== Segment start ==
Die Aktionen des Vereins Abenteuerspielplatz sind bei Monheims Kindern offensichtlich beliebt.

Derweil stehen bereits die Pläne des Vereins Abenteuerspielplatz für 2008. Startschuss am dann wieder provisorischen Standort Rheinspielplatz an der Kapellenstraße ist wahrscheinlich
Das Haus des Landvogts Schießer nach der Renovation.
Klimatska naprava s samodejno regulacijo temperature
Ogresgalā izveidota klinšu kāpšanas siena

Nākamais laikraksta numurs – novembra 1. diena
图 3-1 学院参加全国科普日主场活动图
== Segment end ==
== Segment start ==
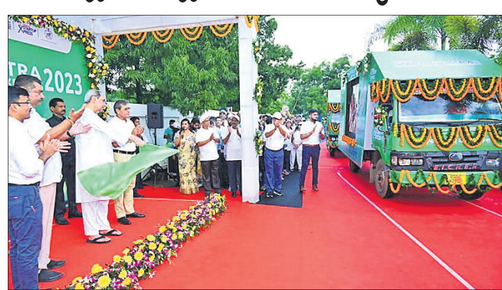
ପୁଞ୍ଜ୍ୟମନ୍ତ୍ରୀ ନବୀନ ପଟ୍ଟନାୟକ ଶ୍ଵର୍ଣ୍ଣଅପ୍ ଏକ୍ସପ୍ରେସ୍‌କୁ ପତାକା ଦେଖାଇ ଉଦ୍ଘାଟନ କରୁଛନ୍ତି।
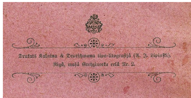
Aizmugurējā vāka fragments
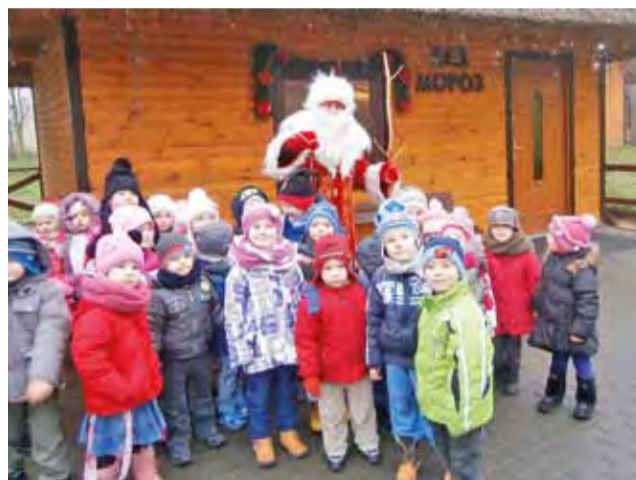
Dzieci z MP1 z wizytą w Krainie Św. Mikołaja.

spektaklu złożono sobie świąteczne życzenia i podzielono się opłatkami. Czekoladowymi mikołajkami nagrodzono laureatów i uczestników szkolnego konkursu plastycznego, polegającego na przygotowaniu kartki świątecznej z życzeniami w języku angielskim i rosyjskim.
== Segment end ==
== Segment start ==
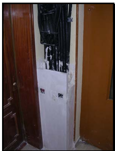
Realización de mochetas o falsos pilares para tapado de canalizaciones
== Segment end ==
Every line of the listing that includes "Vereins" must be shown.

_Written reply:_
Die Aktionen des Vereins Abenteuerspielplatz sind bei Monheims Kindern offensichtlich beliebt.
Derweil stehen bereits die Pläne des Vereins Abenteuerspielplatz für 2008. Startschuss am dann wieder provisorischen Standort Rheinspielplatz an der Kapellenstraße ist wahrscheinlich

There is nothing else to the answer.